Jenseits der Einzelpraxis
Der vdää (verein demokratischer ärzte und ärztinnen) lud am 17. März zu einem Workshop „MVZ-Gründung“ nach Berlin ein. Es ging darum, wie man ein MVZ (Medizinisches Versorgungszentrum) gründet bzw. wie man kollektive und solidarische Arbeitsformen im ambulanten Sektor organisieren könnte. Für die DGVT war Jürgen Friedrich, Landesprecher in Mecklenburg-Vorpommern, dabei und gab damit ein Signal für eine künftige engere Zusammenarbeit von vdää und DGVT.
Die meisten der 15 TeilnehmerInnen kamen aus einer Hamburger Initiativgruppe sowie aus einer kleineren Leipziger Gruppe. Diese jungen KollegInnen waren zumeist in lokalen Initiativen tätig, z. B. zur Versorgung Nicht-Versicherter etc. Sie streben eine kollektive Form des Lebens und Arbeitens an, wollen Therapie, Prävention, Stadtteilarbeit und politische Aktivitäten verbinden.
Bernhard Winter aus dem vdää-Vorstand praktiziert als Hausarzt in einer Offenbacher Praxisgemeinschaft. Er erinnerte sich, dass man für ein Modellprojekt „Sozialmedizinisches Zentrum“ KollegInnen gesucht, aber niemanden gefunden habe. Referent Michael Jansen (vdää) praktiziert seit zwei Jahren in Berlin-Neukölln als Hausarzt in einer Zweier-Gemeinschaftspraxis. Zuvor war er ärztlicher Leiter eines der ersten Berliner MVZs, welches zu einer Kette mit mehreren MVZs gehörte. Er riet: „Benutzt die KVen!“. Die Berliner KV habe erstklassige Berater. Bei der KBV gebe es eine ausführliche MVZ-Broschüre, die jeder Niedergelassene kostenlos beziehen könne.

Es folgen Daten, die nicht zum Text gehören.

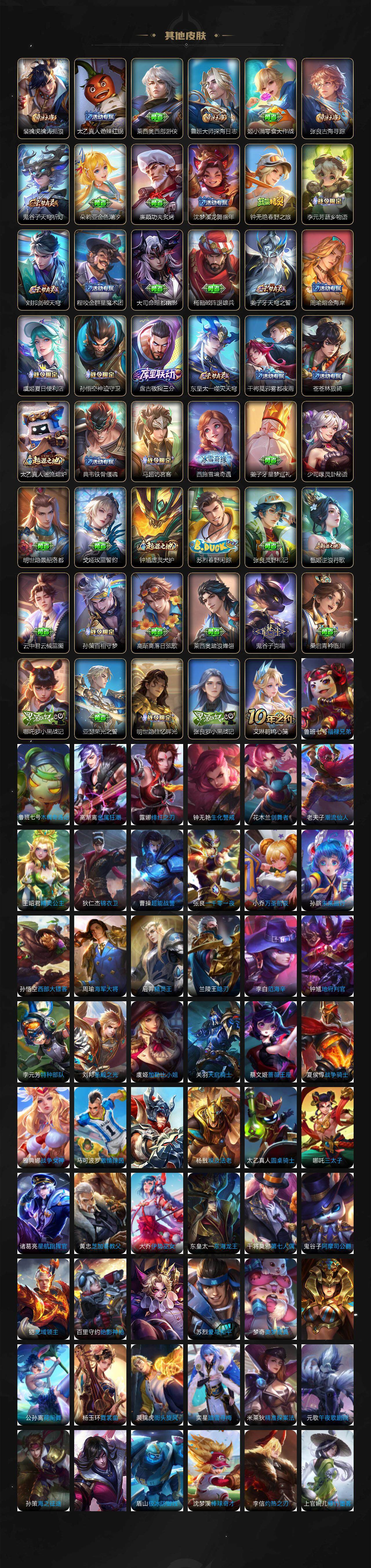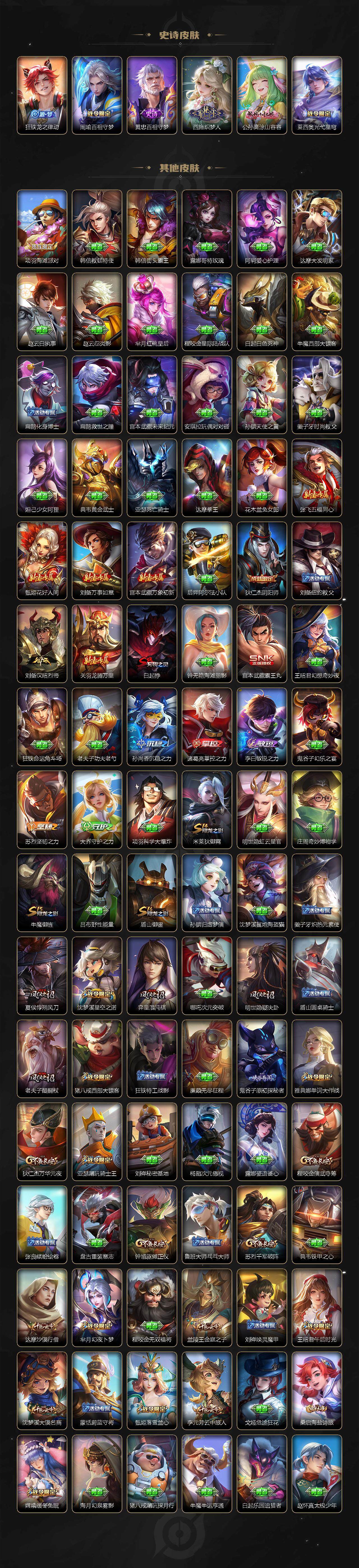 【英雄全皮】:元歌全皮,鬼谷子全皮,苏烈全皮,李信全皮,猪八戒全皮

Dieses MVZ-Ketten-Projekt sei letztlich am Geld gescheitert, in Teile zerschlagen an andere Träger weiterverkauft worden. Die Regelungen, ein MVZ zu betreiben, seien „wahnsinnig kompliziert“. Zur Intro erfolgte eine Differenzierung zwischen Gemeinschaftspraxis („überörtliche Berufsausübungsgemeinschaft“) mit gemeinschaftlicher Abrechnung bei der KV und juristisch in Form von Personengesellschaften von VersorgerInnen (Partnergesellschaft - das ist die die kollektivistischste Variante -, GbR und GmbH), Praxisgemeinschaft (mit getrennter Abrechnung bei der KV und auch ansonsten rechtlich begrenzten Kooperationsmöglichkeiten) und MVZs, die 2004 (§ 95 SGB V) von der damaligen Gesundheitsministerin Ulla Schmidt ins Leben gerufen wurden (mit Ähnlichkeiten zum DDR-Poliklinikum) mit dem Ziel, durch Flexibilisierung und Ökonomisierung mehr Effizienz zu erlangen. Anfangs konnten Unternehmungen sich auf Sitze bewerben und dann Ärzte anstellen, später (2011/12) durften sich dann nur noch Ärzte drauf bewerben.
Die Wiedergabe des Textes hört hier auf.